Splitting Supersymmetry in String Theory
I. Antoniadis, S. Dimopoulos
TL;DR
The paper proposes a string-theoretic realization of Split Supersymmetry using type I / magnetized D9-branes, achieving a spectrum with massless gauginos and higgsinos and superheavy scalars at leading order, while preserving gauge coupling unification. It demonstrates that unification can be maintained with appropriate geometric data and hypercharge embedding in a minimal three-stack setting, and it analyzes mechanisms—including discrete R-symmetry and a Dirac gravitino mass from KK towers—to keep gauginos light despite gravitational effects.
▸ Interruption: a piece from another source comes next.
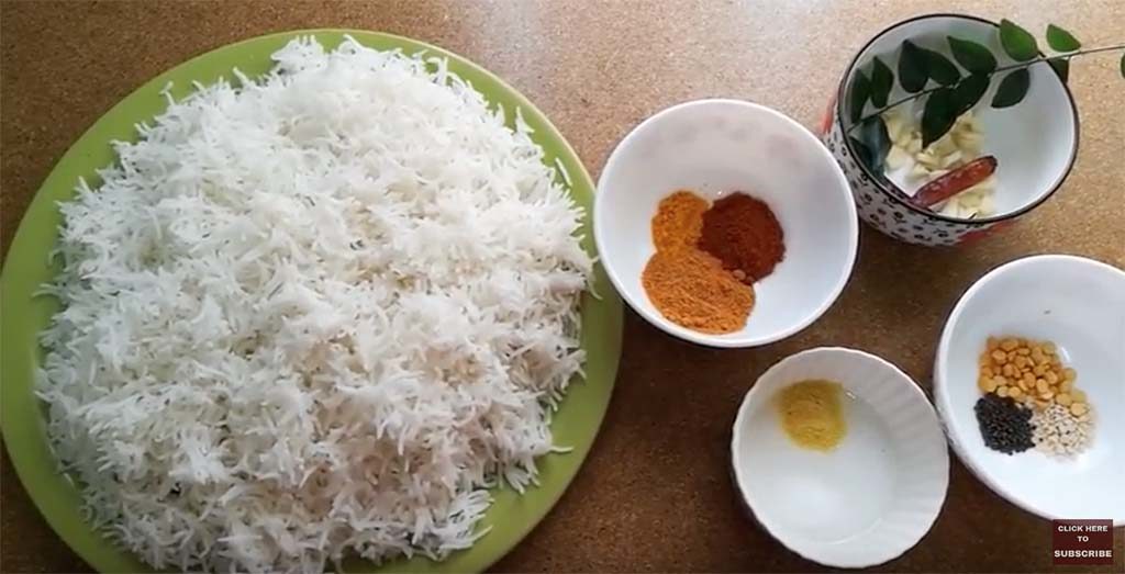 ഒരു പാനില്‍ ഓയില്‍ ഒഴിച്ച് ചൂടായി വരുമ്പോള്‍ അതിലേക്കു കടുക് ചേര്‍ത്ത് പൊട്ടിവരുമ്പോള്‍,കടലപരിപ്പും,ഉഴുന്ന് പരിപ്പും ഇട്ടു മൂപ്പിചെടുക്കണം. ഇതിലേക്ക് ഉണക്ക മുളകും ,കറിവേപ്പില,വെളുത്തുള്ളി എന്നിവ ചേര്‍ത്ത്മൂ പ്പിചെടുക്കണം.ഇതിലേക്ക് മുളക് പൊടി,മഞ്ഞള്‍ പൊടി,സാമ്പാര്‍ പൊടി എന്നിവ ചേര്‍ക്കണം.ഇതിലേക്ക് വേവിച്ച ചോറും ഉപ്പും,കായപ്പൊടിയും ചേര്‍ത്ത് നന്നായി മിക്സ്‌ ചെയ്തു ഒന്ന് രണ്ടു മിനിറ്റ് കൂടി ലോ ഫ്ലെയിമില്‍ റോസ്റ്റ് ചെയ്ത ശേഷം അടുപ്പില്‍ നിന്നും മാറ്റി,ഇഷ്ടമുള്ള കറിയുടെ കൂടെ സെര്‍വ് ചെയ്യാവുന്നതാണ്.

A concrete three-stack SM embedding with sin^2\theta_W=3/8 at the GUT scale is presented, along with a discussion of gaugino/higgsino masses, SUSY-breaking scales, and the role of Scherk–Schwarz breaking. The phenomenology is confronted with gluino cosmology constraints, highlighting the cosmological viability of TeV-scale gluinos only for carefully chosen mass scales and cosmological histories. Overall, the work expands the landscape of string-inspired split SUSY models and suggests new channels for realistic model-building with a high string scale near $M_{\rm GUT}$.
Abstract
We point out that type I string theory in the presence of internal magnetic fields provides a concrete realization of split supersymmetry. To lowest order, gauginos are massless while squarks and sleptons are superheavy. We build such realistic U(3)xU(2)xU(1) models on stacks of magnetized D9-branes. Though not unified into a simple group, these theories preserve the successful supersymmetric relation of gauge couplings, as they start out with equal SU(3) and SU(2) couplings and the correct initial sin^2θ_W at the compactification scale of M_{GUT}\simeq 2x10^{16} GeV, and they have the minimal low-energy particle content of split supersymmetry. We also propose a mechanism in which the gauginos and higgsinos are further protected by a discrete R-symmetry against gravitational corrections, as the gravitino gets an invariant Dirac mass by pairing with a member of a Kaluza-Klein tower of spin-3/2 particles. In addition to the models proposed here, split supersymmetry offers novel strategies for realistic model-building. So, TeV-scale string models previously dismissed because of rapid proton decay, or incorrect sin^2θ_W, or because there were no unused dimensions into which to dilute the strength of gravity, can now be reconsidered as candidates for realistic split theories with string scale near M_{GUT}, as long as the gauginos and higgsinos remain light.